= Deafness in Austria =

Austrian Sign Language (ÖGS) is an independent language of Austria used by about 8,000 to 10,000 Austrians across the country. Like any sign language, ÖGS is predominantly used by deaf and hard-of-hearing people. In Austria, these people are typically identified as deaf during the newborn health screening, through which 90% of all infants in the country receive a hearing test. The availability of this test allows 35% of possibly deaf newborns to receive a diagnosis before 3 months, and 69% of them to receive intervention before 6 months. It also provides insight on the rate of congenital hearing impairment; in Austria, this rate is 1.11 to every 1,000 newborns.

A common intervention practice for these children is Family Centred Early Intervention, or FCEI. This practice was officially started in Austria in 2012, and has since expanded globally while remaining a popular practice within the country. Additionally, Austria has been a part of the UN CRPD since 2008 and participates in the optional protocol, giving applicable individuals the ability to directly communicate with the UN Disability Rights Committee in Geneva. The Ombudsman's Office is the assigned advisory party of institutions and programs for disabled peoples of Austria.
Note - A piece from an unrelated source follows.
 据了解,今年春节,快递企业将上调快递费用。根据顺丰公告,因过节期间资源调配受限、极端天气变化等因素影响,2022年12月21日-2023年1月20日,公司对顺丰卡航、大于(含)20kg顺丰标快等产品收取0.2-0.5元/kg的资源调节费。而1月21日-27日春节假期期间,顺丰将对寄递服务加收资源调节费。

== Human and civil rights ==
The UN CRPD has been applicable in Austria through legislation and enforcement since October 26 of 2008. Additionally, Austria has also signed the optional protocol, which allows individuals and groups the ability to send complaints directly to the UN Disability Rights Committee in Geneva. In response to this addition, the Ombudsman's Office has acted as an advisory body by surveilling the available institutions and programs within Austria for disabled peoples.

== Sign languages ==
Article 8 of the official Austrian Constitution of 1920 states that "German is the official language of the Republic without prejudice to the rights provided by Federal law for linguistic minorities." The constitution also classifies Austrian Sign Language (ÖGS) as an independent language, which contains details regulated by individual laws. Austrian Sign Language is also known by the name "Carinthian Sign Language", and is estimated to have originated in the year 1870. As of 2014, the EUD estimated that the language has between 8,000 and 10,000 users across the country and carries substantial variation or dialect across different regions, including Vienna, Carinthia, and Styria. While the language is historically related to Russian Sign Language, it shares the most similarities with French Sign Language through its highly similar fingerspelling system.
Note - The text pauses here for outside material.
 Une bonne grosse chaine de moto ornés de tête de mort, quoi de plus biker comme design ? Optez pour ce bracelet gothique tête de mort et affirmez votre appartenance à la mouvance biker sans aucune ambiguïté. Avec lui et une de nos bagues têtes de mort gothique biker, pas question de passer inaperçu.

== Newborn hearing screening ==
Newborn hearing screenings began in Austria in the early nineties. Nationwide implementation of these screenings was put in place in 1995 after the Austrian ENT Society endorsed them and created guidelines for their practices. According to the guidelines in place, newborns are tested a few days after birth and will go through a second screening prior to being discharged if they do not have a passing result in their first test. Currently, about 90% of Austrian newborns receive the screening. This number has been rising since the implementation of the screening by the Austrian ENT Society because despite the test never being required by law or legislation, the current healthcare standards recommend hearing loss detection to be found between the age of 3 months and for intervention to be allowed before 6 months. In 2003, the national child health care program made infant hearing checks a routine practice in order to qualify the UNHS a quasi-mandatory preventive measure. Because of this status, the Austrian government requires consistent evidence that the program and its efforts improve or, at minimum, preserve the state of healthcare in the country.
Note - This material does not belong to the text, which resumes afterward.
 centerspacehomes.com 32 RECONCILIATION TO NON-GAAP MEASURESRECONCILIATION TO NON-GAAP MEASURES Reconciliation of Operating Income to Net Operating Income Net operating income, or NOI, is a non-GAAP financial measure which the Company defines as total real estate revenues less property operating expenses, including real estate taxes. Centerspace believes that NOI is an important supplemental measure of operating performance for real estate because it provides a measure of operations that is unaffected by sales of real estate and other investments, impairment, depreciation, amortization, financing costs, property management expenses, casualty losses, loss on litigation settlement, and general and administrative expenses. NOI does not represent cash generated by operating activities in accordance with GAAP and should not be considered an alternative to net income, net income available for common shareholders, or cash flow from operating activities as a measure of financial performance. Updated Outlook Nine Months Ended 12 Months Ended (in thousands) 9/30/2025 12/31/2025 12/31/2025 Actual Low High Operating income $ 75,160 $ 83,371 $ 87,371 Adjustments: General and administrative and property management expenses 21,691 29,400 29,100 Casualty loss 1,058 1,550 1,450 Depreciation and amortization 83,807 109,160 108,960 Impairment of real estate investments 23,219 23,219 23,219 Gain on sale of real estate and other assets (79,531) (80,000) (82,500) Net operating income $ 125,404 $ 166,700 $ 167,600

A study was performed 10 years after the official implementation of hearing tests in newborn health screenings, and it found that 35% of newborns who failed to pass the hearing test received a medical diagnosis of hearing loss before 3 months of age and 69% of those who failed were introduced to a method of early intervention in their first 6 months. Alternatively, of newborns who did not receive a hearing test, 4% received access to early intervention before the age of 6 months. Beyond this study throughout the country's entirety, the average rate of congenital hearing impairment is 1.11 newborns for every 1,000 babies born.

== Early intervention ==
The FCEI (Family Centred Early Intervention) is a method of early intervention that focuses the importance of family in the well-being of the child. The practices in FCEI are typically contrasted against other forms of intervention that revolve around the child themself, medical orientation, or clinical orientations. The FCEI was a practice started in Austria by doctors Daniel Holzinger and Johannes Fellinge, who aimed to bring together both hearing and deaf parents and professionals in an effort to develop family-centered practices and research.